Date of Graduation


Document Type


Degree Type



Eberly College of Arts and Sciences



Committee Chair

Joseph M. Hodge

Committee Co-Chair

Robert M. Maxon

Committee Member

Robert M. Maxon

Committee Member

Tamba M'bayo

Committee Member

Michelle Stephens

Committee Member

Elias Mandala


This is a study that adopts the longue durée historical approach to analyze the main causes behind the rise of ‘insurgencies’ or the so-called resistance against the colonial and post-colonial state in the present-day southern African country called Malawi from 1891 to 1994. In turn, it also uses the concept of ‘counter-insurgency’ to analyze the various measures the states in question used to defeat the ‘insurgents’. To arrive at the conclusions made in the study, I have migrated through various domestic and transnational spaces, personalities, and documents that inform the current study. I also adopt two main historical approaches to conduct the analysis, namely: the political-economy approach and the longue durée approach.

On the history of British colonial rule in the country, between 1891 and 1964, the study has analyzed the rise of anti-state sentiments, right from the point of formal contact between the colonizer and the colonized ‘other’. I have highlighted that the factors that contributed to the rise of insurgencies or rebellions were often wide-ranging, including the native people’s unhappiness with the loss of political and economic power. The latter mainly took place due to the connection of the colonial policies of land alienation; high rates of taxation; and the elements of forced labor, mainly to aid European enterprises in the country. During the late colonial period, especially after the Second World War, it was the notion of state-led development (or the rise of the ‘developmental state’) that significantly contributed to the rise of radical forms of anti-colonial resistance, especially following the formation of a new political entity called the Central African Federation (CAF), which brought together the three British territories of Nyasaland (now Malawi), Southern Rhodesia (now Zimbabwe) and Northern Rhodesia (now Zambia).

I have argued that in terms of counter-insurgency, the colonial authorities responded to the various occurrences of native unrest in multiple ways, including the use of brutal force, especially through the police force and the “para-military” group called the Nyasaland Volunteer Reserve (NVR); the use of repressive laws; and also the provision of development and/or socio-economic opportunities to the disaffected communities, in the hope that doing so would win over support for the government of the day.
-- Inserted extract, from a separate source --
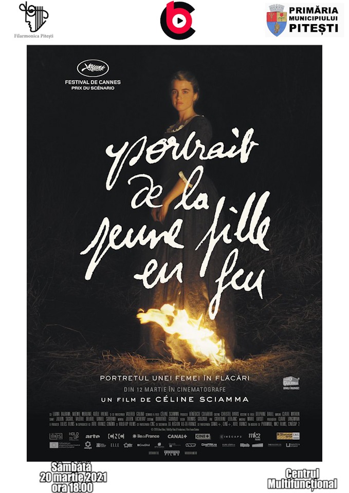 Sâmbătă, 20 martie 2021, de la ora 18:00, la cinematograful de artă „București” din centrul Piteștiului va fi proiectat filmul Portretul unei femei în flăcări, cu Noemie Merlant, Adele Haenel și Luana Bajrami în rolurile principale, în regia lui Celine Sciamma.

I have used such phrases as “the winning of hearts and minds” and “the stick and the carrot,” to describe and discuss these counter-insurgency measures. In terms of the development initiatives, I have followed the colonial state’s involvement in the country’s development from the late 1920s, starting from the enactment of land tenure policies; the Colonial Development Act, 1929; the Colonial Development and Welfare Act, 1940 and 1945; the Colonial Development Corporation, 1948; and the CAF (1953-1963). In the post-World War II era, I have also focused the discussion on how the outbreak of the Cold War provided an impetus for the establishment of the Federation, and for the excuse to describe those who were against the Federation as Communist implants. The so-called “development” mainly served the interests of the metropole.

For the post-colonial state, I argue that what emerged was an “imported state,” in the sense that the post-colonial leadership retained most of the policies and principles that had served the predecessor colonial state. I have focused on the rise of the ‘developmental state’ during the regime of Dr. Hastings Kamuzu Banda (1964 to 1994), who promoted the principles of import substitution industrialization (ISI) through the control of two conglomerates; the Malawi Development Corporation (MDC) and the Press Group of Companies (PGC). I have argued that like the predecessor colonial state, the “protectionism” of the post-colonial state meant that there was little or no liberalism in the political and economic sense. As such, although there were some signs of economic progress between 1964 and 1979, the country’s citizens were subjected to various abuses of human rights. Like the colonial period, those who challenged the legitimacy and authority of the Banda regime, were also subjected to various “counter-insurgency” measures that adopted various measures along the same lines as the measures employed by the colonial authorities. In this, the study highlights the roles played by the country’s women, youth, and the police force, to help consolidate the Banda regime. I have also zeroed in on the roles played by the international community, especially the British and American Governments, to help consolidate and prolong the Banda regime.

Finally, I have argued that the fall of Dr. Banda’ regime in 1994 should be regarded as marking the end of the “post-colonial state,” following the dilution or in other cases the complete departure from the policies, practices, and principles that had been “imported” from the colonial to the post-colonial state. The fall of Banda regime itself had strong connections with the advent of the economic downturn since the 1979/80 fiscal year, which I have argued, had both domestic and international causative forces. It was the subsequent intervention of international powers (especially the Western donor countries and the Bretton Woods Institutions) in determining the country’s economic process, which significantly undermined the powers of the Banda regime, especially after the end of the Cold War. In the end, domestic sources of opposition were also encouraged to spring up, leading to the events of the early 1990s where Banda was forced to give up some of his powers, and was subsequently trounced in the 1994 general elections.